**Problem description**
Your answer must consist only of the lines from the start of the entries through the line that holds "This fun CIAO", copied exactly, with no pictures.
---------- Extracted records
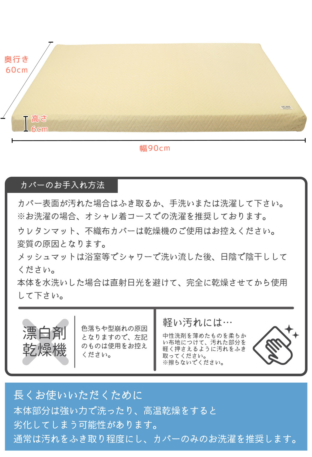 ※ウレタンマット・カバー類は手洗いまたはオシャレ着コースでのお洗濯推奨:陰干し※ウレタンマット、不織布カバーは乾燥機のご使用はお控えください。変質の原因となります。
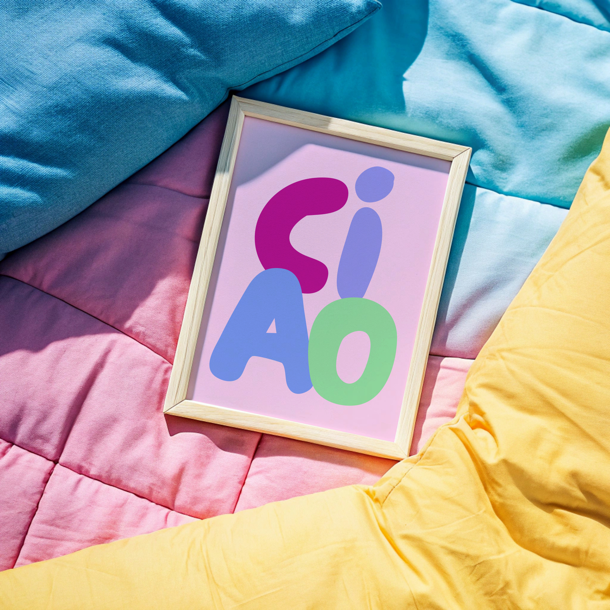 This fun CIAO poster print is sure to bring a burst of energy to your space! With the iconic Italian greeting “CIAO” in big, stylish letters set against a playful pink background, this print combines modern charm with cheerful vibes. It’s the perfect piece to spark joy and personality in any room!
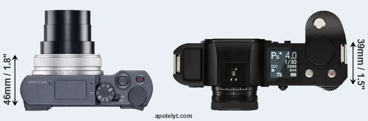 The above size and weight comparisons are to some extent incomplete and possibly misleading, as the C-LUX has a lens built in, whereas the Leica SL is an interchangeable lens camera that requires a separate lens. Attaching the latter will add extra weight and bulk to the setup.
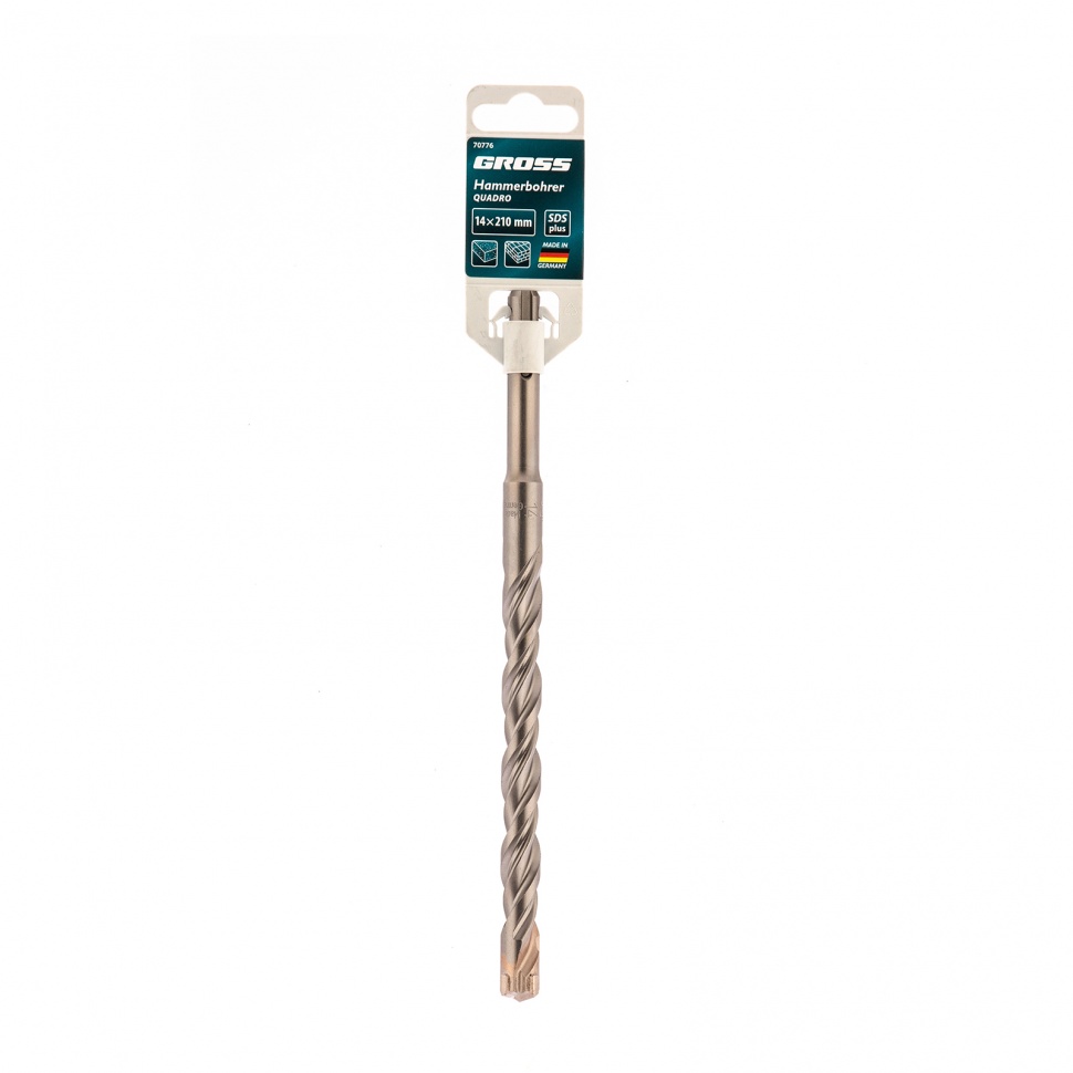 Бур по бетону Gross QUADRO 70776 размером 14 х 210 мм устанавливается в перфораторы с патроном SDS PLUS. Он рассчитан на профессиональное применение, выдерживает высокие нагрузки и справляется с бурением кирпича, камня, армированного бетона. Применяется при проведении ремонтных, строительных, монтажных/демонтажных работ.
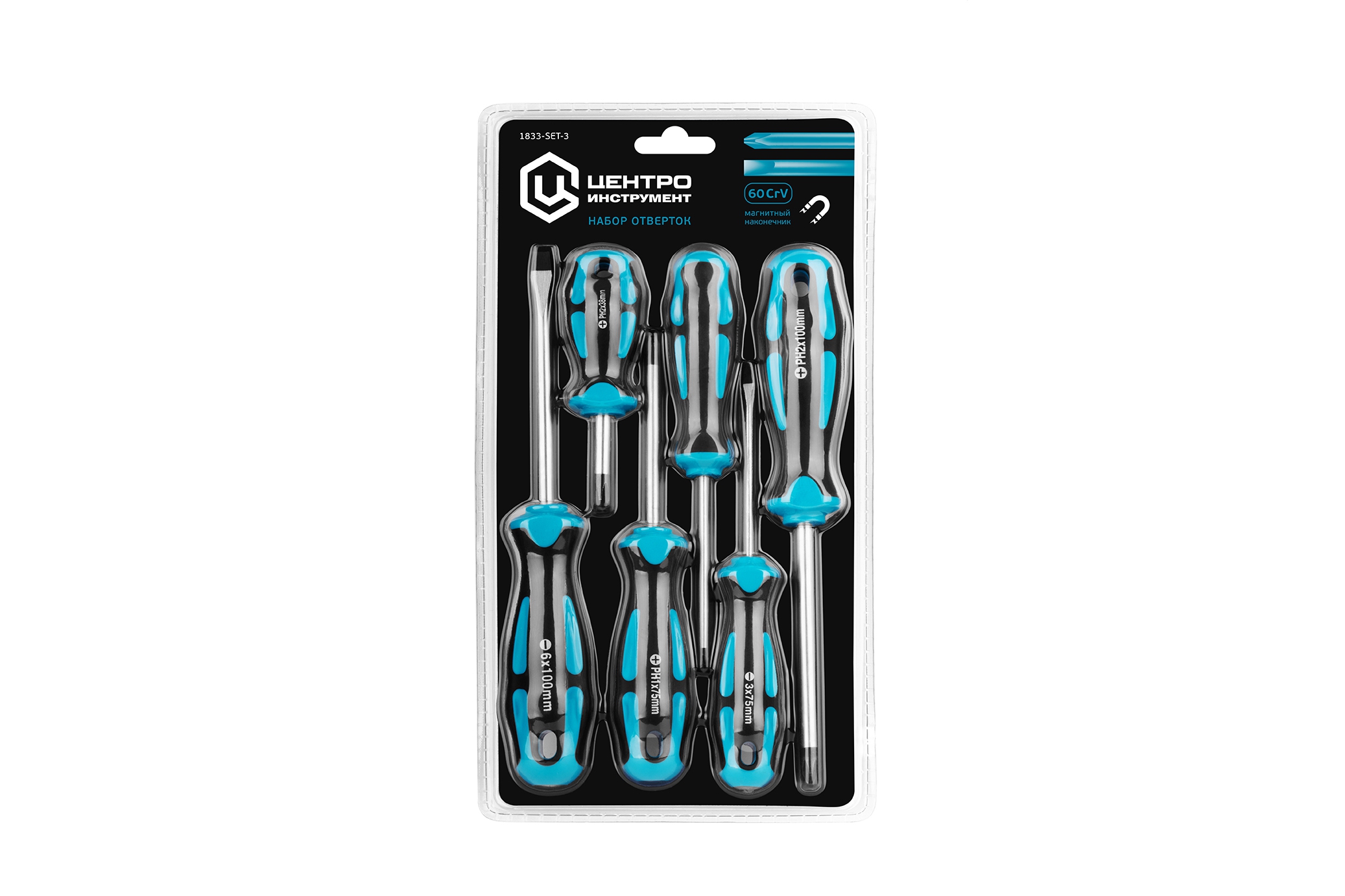Набор отверток 6 предметов (Ph1*75,Ph2*100,Ph2*150, шлиц 3.2*75, 5*100,6*150) Центроинструмент
--------------------
**Answer space**
 ※ウレタンマット・カバー類は手洗いまたはオシャレ着コースでのお洗濯推奨:陰干し※ウレタンマット、不織布カバーは乾燥機のご使用はお控えください。変質の原因となります。
 This fun CIAO poster print is sure to bring a burst of energy to your space! With the iconic Italian greeting “CIAO” in big, stylish letters set against a playful pink background, this print combines modern charm with cheerful vibes. It’s the perfect piece to spark joy and personality in any room!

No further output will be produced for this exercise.